-------- LISTED ENTRIES --------
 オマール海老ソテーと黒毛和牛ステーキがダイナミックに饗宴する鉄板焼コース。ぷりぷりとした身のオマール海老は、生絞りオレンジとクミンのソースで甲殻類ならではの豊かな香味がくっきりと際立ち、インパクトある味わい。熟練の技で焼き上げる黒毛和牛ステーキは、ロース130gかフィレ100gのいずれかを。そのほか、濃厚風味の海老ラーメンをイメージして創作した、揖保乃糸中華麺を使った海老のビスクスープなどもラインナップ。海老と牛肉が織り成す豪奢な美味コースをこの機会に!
--------
-------- LISTED ENTRIES --------
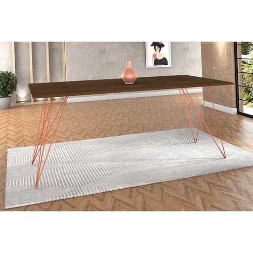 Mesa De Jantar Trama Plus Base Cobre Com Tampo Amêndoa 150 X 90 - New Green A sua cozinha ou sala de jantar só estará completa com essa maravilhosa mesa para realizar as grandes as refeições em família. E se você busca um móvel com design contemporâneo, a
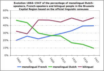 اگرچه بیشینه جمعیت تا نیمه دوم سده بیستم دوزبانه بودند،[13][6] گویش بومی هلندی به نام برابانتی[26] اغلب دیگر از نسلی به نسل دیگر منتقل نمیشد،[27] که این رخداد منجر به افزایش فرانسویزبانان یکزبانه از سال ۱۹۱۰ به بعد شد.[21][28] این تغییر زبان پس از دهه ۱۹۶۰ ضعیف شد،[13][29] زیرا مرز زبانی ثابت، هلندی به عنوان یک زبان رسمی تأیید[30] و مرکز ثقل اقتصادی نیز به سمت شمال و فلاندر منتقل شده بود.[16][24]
--------
**WORK TO BE COMPLETED**
In the entries above, find the line containing "Mesa De Jantar" and the line containing "اگرچه بیشینه جمعیت"; give again exactly those two lines and every line between them, minus the pictures.

**RESPONSE**
 Mesa De Jantar Trama Plus Base Cobre Com Tampo Amêndoa 150 X 90 - New Green A sua cozinha ou sala de jantar só estará completa com essa maravilhosa mesa para realizar as grandes as refeições em família. E se você busca um móvel com design contemporâneo, a
 اگرچه بیشینه جمعیت تا نیمه دوم سده بیستم دوزبانه بودند،[13][6] گویش بومی هلندی به نام برابانتی[26] اغلب دیگر از نسلی به نسل دیگر منتقل نمیشد،[27] که این رخداد منجر به افزایش فرانسویزبانان یکزبانه از سال ۱۹۱۰ به بعد شد.[21][28] این تغییر زبان پس از دهه ۱۹۶۰ ضعیف شد،[13][29] زیرا مرز زبانی ثابت، هلندی به عنوان یک زبان رسمی تأیید[30] و مرکز ثقل اقتصادی نیز به سمت شمال و فلاندر منتقل شده بود.[16][24]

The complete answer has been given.